◆ How to complete this task: Below is a set of records; print all of them exactly as written.

[[ Exercise inputs, beginning ]]

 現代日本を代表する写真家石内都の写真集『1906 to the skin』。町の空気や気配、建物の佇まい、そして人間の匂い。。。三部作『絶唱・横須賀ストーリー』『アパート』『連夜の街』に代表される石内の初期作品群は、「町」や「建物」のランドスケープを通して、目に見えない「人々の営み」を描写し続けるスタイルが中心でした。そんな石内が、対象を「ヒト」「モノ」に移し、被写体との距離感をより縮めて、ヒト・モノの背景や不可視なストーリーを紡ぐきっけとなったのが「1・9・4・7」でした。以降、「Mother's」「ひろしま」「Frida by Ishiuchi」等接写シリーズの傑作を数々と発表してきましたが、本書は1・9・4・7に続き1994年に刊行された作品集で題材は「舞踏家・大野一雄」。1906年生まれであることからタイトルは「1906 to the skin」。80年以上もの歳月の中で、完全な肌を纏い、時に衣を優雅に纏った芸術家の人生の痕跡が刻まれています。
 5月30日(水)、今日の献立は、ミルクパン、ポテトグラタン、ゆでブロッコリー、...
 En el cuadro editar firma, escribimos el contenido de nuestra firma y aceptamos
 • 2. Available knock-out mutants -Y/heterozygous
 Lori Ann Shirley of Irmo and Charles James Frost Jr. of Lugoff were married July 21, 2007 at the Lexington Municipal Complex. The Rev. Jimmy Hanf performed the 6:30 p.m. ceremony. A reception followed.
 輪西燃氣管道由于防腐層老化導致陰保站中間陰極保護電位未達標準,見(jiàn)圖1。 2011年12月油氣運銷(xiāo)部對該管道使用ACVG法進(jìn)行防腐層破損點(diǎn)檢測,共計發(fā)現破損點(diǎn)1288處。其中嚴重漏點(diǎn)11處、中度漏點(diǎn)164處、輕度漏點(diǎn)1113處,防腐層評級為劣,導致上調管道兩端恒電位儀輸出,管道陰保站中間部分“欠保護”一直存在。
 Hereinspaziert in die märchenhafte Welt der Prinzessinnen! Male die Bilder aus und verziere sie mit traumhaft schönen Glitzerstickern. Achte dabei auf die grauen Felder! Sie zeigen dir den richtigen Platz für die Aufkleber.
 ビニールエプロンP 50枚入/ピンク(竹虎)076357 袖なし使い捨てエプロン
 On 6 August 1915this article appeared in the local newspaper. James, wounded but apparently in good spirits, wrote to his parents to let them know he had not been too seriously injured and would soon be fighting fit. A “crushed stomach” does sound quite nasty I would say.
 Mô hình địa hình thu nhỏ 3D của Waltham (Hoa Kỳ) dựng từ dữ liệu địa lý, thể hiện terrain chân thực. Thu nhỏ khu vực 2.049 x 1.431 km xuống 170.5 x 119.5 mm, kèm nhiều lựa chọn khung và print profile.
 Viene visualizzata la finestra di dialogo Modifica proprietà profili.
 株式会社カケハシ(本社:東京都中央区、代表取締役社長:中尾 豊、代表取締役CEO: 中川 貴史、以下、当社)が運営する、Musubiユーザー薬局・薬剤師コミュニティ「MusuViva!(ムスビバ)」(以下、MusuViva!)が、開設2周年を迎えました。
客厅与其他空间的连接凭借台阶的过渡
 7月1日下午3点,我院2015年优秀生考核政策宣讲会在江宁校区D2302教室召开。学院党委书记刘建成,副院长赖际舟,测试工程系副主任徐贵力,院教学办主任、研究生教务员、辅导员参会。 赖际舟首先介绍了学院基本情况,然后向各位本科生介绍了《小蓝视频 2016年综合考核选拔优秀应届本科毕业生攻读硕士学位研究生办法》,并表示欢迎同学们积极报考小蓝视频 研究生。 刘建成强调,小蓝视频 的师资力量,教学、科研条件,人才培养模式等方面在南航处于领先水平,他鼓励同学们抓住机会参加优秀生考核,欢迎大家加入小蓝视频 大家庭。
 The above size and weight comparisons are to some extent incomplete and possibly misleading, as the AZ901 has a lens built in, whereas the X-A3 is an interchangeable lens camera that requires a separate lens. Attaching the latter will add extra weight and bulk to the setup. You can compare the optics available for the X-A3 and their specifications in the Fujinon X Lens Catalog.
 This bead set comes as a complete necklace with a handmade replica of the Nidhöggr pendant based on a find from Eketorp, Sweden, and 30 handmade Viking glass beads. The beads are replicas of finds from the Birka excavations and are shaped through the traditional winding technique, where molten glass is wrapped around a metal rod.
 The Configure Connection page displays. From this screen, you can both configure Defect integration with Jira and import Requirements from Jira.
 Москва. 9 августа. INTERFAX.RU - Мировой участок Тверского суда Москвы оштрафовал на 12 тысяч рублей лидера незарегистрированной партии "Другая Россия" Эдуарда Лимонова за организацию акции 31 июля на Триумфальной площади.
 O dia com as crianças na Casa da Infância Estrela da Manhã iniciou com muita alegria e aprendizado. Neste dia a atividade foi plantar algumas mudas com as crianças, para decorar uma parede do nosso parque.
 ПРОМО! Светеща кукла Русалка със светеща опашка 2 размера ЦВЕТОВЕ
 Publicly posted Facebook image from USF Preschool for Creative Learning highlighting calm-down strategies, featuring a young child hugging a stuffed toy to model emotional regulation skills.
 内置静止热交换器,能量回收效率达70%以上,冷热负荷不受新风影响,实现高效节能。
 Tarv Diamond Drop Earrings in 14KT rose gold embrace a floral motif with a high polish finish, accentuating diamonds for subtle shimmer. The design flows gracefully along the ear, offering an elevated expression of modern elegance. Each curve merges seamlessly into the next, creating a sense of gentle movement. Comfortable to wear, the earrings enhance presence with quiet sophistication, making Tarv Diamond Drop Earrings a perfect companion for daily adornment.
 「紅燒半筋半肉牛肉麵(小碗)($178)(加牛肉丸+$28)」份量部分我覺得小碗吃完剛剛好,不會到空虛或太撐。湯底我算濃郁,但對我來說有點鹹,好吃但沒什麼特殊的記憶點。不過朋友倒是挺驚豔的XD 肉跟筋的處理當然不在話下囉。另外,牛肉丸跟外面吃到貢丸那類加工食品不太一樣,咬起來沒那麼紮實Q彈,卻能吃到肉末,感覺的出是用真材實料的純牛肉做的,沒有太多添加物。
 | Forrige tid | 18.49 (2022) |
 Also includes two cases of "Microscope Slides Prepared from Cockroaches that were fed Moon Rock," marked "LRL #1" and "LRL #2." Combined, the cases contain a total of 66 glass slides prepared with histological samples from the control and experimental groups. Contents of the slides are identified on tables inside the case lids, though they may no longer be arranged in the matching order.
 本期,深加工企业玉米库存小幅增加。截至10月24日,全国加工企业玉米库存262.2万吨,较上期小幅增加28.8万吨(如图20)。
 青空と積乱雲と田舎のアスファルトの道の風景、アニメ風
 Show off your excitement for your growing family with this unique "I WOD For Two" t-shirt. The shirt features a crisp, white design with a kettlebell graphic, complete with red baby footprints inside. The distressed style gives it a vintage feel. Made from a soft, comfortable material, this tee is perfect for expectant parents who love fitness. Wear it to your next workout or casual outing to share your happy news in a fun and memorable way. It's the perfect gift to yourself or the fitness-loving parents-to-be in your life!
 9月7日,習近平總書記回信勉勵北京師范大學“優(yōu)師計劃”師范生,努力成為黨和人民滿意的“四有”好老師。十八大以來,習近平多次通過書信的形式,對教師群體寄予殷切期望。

[[ Exercise inputs, end ]]

◆ Solution for this problem:
 現代日本を代表する写真家石内都の写真集『1906 to the skin』。町の空気や気配、建物の佇まい、そして人間の匂い。。。三部作『絶唱・横須賀ストーリー』『アパート』『連夜の街』に代表される石内の初期作品群は、「町」や「建物」のランドスケープを通して、目に見えない「人々の営み」を描写し続けるスタイルが中心でした。そんな石内が、対象を「ヒト」「モノ」に移し、被写体との距離感をより縮めて、ヒト・モノの背景や不可視なストーリーを紡ぐきっけとなったのが「1・9・4・7」でした。以降、「Mother's」「ひろしま」「Frida by Ishiuchi」等接写シリーズの傑作を数々と発表してきましたが、本書は1・9・4・7に続き1994年に刊行された作品集で題材は「舞踏家・大野一雄」。1906年生まれであることからタイトルは「1906 to the skin」。80年以上もの歳月の中で、完全な肌を纏い、時に衣を優雅に纏った芸術家の人生の痕跡が刻まれています。
 5月30日(水)、今日の献立は、ミルクパン、ポテトグラタン、ゆでブロッコリー、...
 En el cuadro editar firma, escribimos el contenido de nuestra firma y aceptamos
 • 2. Available knock-out mutants -Y/heterozygous
 Lori Ann Shirley of Irmo and Charles James Frost Jr. of Lugoff were married July 21, 2007 at the Lexington Municipal Complex. The Rev. Jimmy Hanf performed the 6:30 p.m. ceremony. A reception followed.
 輪西燃氣管道由于防腐層老化導致陰保站中間陰極保護電位未達標準,見(jiàn)圖1。 2011年12月油氣運銷(xiāo)部對該管道使用ACVG法進(jìn)行防腐層破損點(diǎn)檢測,共計發(fā)現破損點(diǎn)1288處。其中嚴重漏點(diǎn)11處、中度漏點(diǎn)164處、輕度漏點(diǎn)1113處,防腐層評級為劣,導致上調管道兩端恒電位儀輸出,管道陰保站中間部分“欠保護”一直存在。
 Hereinspaziert in die märchenhafte Welt der Prinzessinnen! Male die Bilder aus und verziere sie mit traumhaft schönen Glitzerstickern. Achte dabei auf die grauen Felder! Sie zeigen dir den richtigen Platz für die Aufkleber.
 ビニールエプロンP 50枚入/ピンク(竹虎)076357 袖なし使い捨てエプロン
 On 6 August 1915this article appeared in the local newspaper. James, wounded but apparently in good spirits, wrote to his parents to let them know he had not been too seriously injured and would soon be fighting fit. A “crushed stomach” does sound quite nasty I would say.
 Mô hình địa hình thu nhỏ 3D của Waltham (Hoa Kỳ) dựng từ dữ liệu địa lý, thể hiện terrain chân thực. Thu nhỏ khu vực 2.049 x 1.431 km xuống 170.5 x 119.5 mm, kèm nhiều lựa chọn khung và print profile.
 Viene visualizzata la finestra di dialogo Modifica proprietà profili.
 株式会社カケハシ(本社:東京都中央区、代表取締役社長:中尾 豊、代表取締役CEO: 中川 貴史、以下、当社)が運営する、Musubiユーザー薬局・薬剤師コミュニティ「MusuViva!(ムスビバ)」(以下、MusuViva!)が、開設2周年を迎えました。
客厅与其他空间的连接凭借台阶的过渡
 7月1日下午3点,我院2015年优秀生考核政策宣讲会在江宁校区D2302教室召开。学院党委书记刘建成,副院长赖际舟,测试工程系副主任徐贵力,院教学办主任、研究生教务员、辅导员参会。 赖际舟首先介绍了学院基本情况,然后向各位本科生介绍了《小蓝视频 2016年综合考核选拔优秀应届本科毕业生攻读硕士学位研究生办法》,并表示欢迎同学们积极报考小蓝视频 研究生。 刘建成强调,小蓝视频 的师资力量,教学、科研条件,人才培养模式等方面在南航处于领先水平,他鼓励同学们抓住机会参加优秀生考核,欢迎大家加入小蓝视频 大家庭。
 The above size and weight comparisons are to some extent incomplete and possibly misleading, as the AZ901 has a lens built in, whereas the X-A3 is an interchangeable lens camera that requires a separate lens. Attaching the latter will add extra weight and bulk to the setup. You can compare the optics available for the X-A3 and their specifications in the Fujinon X Lens Catalog.
 This bead set comes as a complete necklace with a handmade replica of the Nidhöggr pendant based on a find from Eketorp, Sweden, and 30 handmade Viking glass beads. The beads are replicas of finds from the Birka excavations and are shaped through the traditional winding technique, where molten glass is wrapped around a metal rod.
 The Configure Connection page displays. From this screen, you can both configure Defect integration with Jira and import Requirements from Jira.
 Москва. 9 августа. INTERFAX.RU - Мировой участок Тверского суда Москвы оштрафовал на 12 тысяч рублей лидера незарегистрированной партии "Другая Россия" Эдуарда Лимонова за организацию акции 31 июля на Триумфальной площади.
 O dia com as crianças na Casa da Infância Estrela da Manhã iniciou com muita alegria e aprendizado. Neste dia a atividade foi plantar algumas mudas com as crianças, para decorar uma parede do nosso parque.
 ПРОМО! Светеща кукла Русалка със светеща опашка 2 размера ЦВЕТОВЕ
 Publicly posted Facebook image from USF Preschool for Creative Learning highlighting calm-down strategies, featuring a young child hugging a stuffed toy to model emotional regulation skills.
 内置静止热交换器,能量回收效率达70%以上,冷热负荷不受新风影响,实现高效节能。
 Tarv Diamond Drop Earrings in 14KT rose gold embrace a floral motif with a high polish finish, accentuating diamonds for subtle shimmer. The design flows gracefully along the ear, offering an elevated expression of modern elegance. Each curve merges seamlessly into the next, creating a sense of gentle movement. Comfortable to wear, the earrings enhance presence with quiet sophistication, making Tarv Diamond Drop Earrings a perfect companion for daily adornment.
 「紅燒半筋半肉牛肉麵(小碗)($178)(加牛肉丸+$28)」份量部分我覺得小碗吃完剛剛好,不會到空虛或太撐。湯底我算濃郁,但對我來說有點鹹,好吃但沒什麼特殊的記憶點。不過朋友倒是挺驚豔的XD 肉跟筋的處理當然不在話下囉。另外,牛肉丸跟外面吃到貢丸那類加工食品不太一樣,咬起來沒那麼紮實Q彈,卻能吃到肉末,感覺的出是用真材實料的純牛肉做的,沒有太多添加物。
 | Forrige tid | 18.49 (2022) |
 Also includes two cases of "Microscope Slides Prepared from Cockroaches that were fed Moon Rock," marked "LRL #1" and "LRL #2." Combined, the cases contain a total of 66 glass slides prepared with histological samples from the control and experimental groups. Contents of the slides are identified on tables inside the case lids, though they may no longer be arranged in the matching order.
 本期,深加工企业玉米库存小幅增加。截至10月24日,全国加工企业玉米库存262.2万吨,较上期小幅增加28.8万吨(如图20)。
 青空と積乱雲と田舎のアスファルトの道の風景、アニメ風
 Show off your excitement for your growing family with this unique "I WOD For Two" t-shirt. The shirt features a crisp, white design with a kettlebell graphic, complete with red baby footprints inside. The distressed style gives it a vintage feel. Made from a soft, comfortable material, this tee is perfect for expectant parents who love fitness. Wear it to your next workout or casual outing to share your happy news in a fun and memorable way. It's the perfect gift to yourself or the fitness-loving parents-to-be in your life!
 9月7日,習近平總書記回信勉勵北京師范大學“優(yōu)師計劃”師范生,努力成為黨和人民滿意的“四有”好老師。十八大以來,習近平多次通過書信的形式,對教師群體寄予殷切期望。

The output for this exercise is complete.